È da poco iniziata a Venezia, a Palazzo Vendramin Grimani, la residenza artistica di Karine N’guyen Van Tham e Parul Thacker, due artiste ospitate dalla Fondazione dell’Albero d’Oro nella sua sede appena restaurata del palazzo di San Polo. Le loro opere, alcune delle quali site-specific per i magnifici ambienti del palazzo, saranno il fulcro di Per non perdere il filo. Karine N’guyen Van Tham – Parul Thacker, (dal 20 aprile a cura di Daniela Ferretti, Evento collaterale della 60/a Biennale d’arte).

N’guyen Van Tham (1988), francovietnamita che vive in Bretagna, e Thacker (1973), indiana di Mumbai, sono a Venezia per la prima volta e convivono fra loro in una residenza che prevede anche l’esposizione dei loro lavori recenti. Entrambe provenienti da una dimensione artigianale divenuta poi artistica hanno in comune una manualità spinta, quasi sperimentale che le porta a dare valore oltre che all’opera in sé al processo che la genera.

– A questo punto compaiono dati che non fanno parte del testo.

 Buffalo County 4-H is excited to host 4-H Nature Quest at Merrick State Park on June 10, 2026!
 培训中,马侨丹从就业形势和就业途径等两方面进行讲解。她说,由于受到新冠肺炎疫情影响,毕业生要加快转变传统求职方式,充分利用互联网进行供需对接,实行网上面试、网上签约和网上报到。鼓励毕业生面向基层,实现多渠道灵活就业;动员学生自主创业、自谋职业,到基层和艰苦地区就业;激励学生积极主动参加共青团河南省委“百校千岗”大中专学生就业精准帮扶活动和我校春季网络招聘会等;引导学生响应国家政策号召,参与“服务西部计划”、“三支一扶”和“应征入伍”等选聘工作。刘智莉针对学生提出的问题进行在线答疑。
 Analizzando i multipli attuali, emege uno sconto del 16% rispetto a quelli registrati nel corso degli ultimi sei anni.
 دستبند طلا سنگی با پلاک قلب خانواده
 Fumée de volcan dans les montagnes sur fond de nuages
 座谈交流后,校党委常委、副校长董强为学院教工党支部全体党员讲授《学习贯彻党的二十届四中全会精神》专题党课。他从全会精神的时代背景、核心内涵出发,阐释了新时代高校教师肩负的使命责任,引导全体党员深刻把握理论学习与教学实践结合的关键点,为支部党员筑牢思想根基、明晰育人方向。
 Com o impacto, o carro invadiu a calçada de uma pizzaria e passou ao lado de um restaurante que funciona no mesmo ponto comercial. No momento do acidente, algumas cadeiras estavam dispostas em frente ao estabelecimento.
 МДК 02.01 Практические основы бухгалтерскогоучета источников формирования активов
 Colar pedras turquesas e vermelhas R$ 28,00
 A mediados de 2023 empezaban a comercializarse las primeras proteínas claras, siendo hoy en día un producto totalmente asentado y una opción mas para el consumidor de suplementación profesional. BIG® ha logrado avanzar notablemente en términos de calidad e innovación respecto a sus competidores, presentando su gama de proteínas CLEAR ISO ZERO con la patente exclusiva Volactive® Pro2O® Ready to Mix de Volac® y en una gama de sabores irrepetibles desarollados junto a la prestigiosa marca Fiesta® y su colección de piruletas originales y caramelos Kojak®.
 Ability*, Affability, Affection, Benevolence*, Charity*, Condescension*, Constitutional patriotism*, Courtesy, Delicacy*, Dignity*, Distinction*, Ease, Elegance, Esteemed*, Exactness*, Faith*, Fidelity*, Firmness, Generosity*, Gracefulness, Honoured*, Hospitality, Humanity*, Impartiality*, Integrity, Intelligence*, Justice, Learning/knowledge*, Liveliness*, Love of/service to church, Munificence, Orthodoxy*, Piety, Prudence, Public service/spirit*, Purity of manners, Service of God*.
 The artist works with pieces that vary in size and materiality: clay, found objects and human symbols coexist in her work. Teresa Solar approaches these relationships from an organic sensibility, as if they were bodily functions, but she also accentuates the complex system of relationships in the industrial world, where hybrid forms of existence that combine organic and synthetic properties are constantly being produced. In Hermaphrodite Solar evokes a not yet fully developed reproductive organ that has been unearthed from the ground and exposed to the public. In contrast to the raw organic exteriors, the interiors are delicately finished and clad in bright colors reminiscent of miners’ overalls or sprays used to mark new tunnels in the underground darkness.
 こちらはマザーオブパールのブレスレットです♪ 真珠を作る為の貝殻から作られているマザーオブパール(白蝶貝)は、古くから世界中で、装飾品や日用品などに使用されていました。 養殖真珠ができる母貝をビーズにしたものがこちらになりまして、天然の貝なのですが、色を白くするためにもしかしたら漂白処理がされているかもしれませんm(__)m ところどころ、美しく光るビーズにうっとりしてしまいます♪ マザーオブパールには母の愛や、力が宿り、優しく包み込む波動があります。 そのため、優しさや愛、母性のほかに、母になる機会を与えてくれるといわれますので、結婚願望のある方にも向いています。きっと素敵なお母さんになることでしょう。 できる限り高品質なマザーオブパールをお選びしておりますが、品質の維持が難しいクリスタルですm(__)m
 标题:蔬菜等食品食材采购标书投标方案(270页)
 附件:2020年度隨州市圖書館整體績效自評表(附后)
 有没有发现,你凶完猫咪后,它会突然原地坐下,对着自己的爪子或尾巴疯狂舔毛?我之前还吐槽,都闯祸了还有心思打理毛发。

Karine N’guyen Van Tham è bambina quando chiede alla madre di poter spostare la veste blu di un familiare appena scomparso. Racconta che il suo lavoro forse è iniziato allora. La madre glielo proibisce, perché, le dice, la veste per ora deve restare lì, ferma. Da quel momento si fa strada in lei la riflessione e la visione potenziale di cosa possa essere un vestito che nel quotidiano è solo un elemento che ci protegge e che ci dà un’identità. Ne scopre la dimensione sacra, è visibile e si tocca ma ha anche valore invisibile dato dal prolungamento dell’essere che lo ha abitato: la memoria, l’odore, la forma, la vita di chi lo ha posseduto, di chi lo ha vissuto.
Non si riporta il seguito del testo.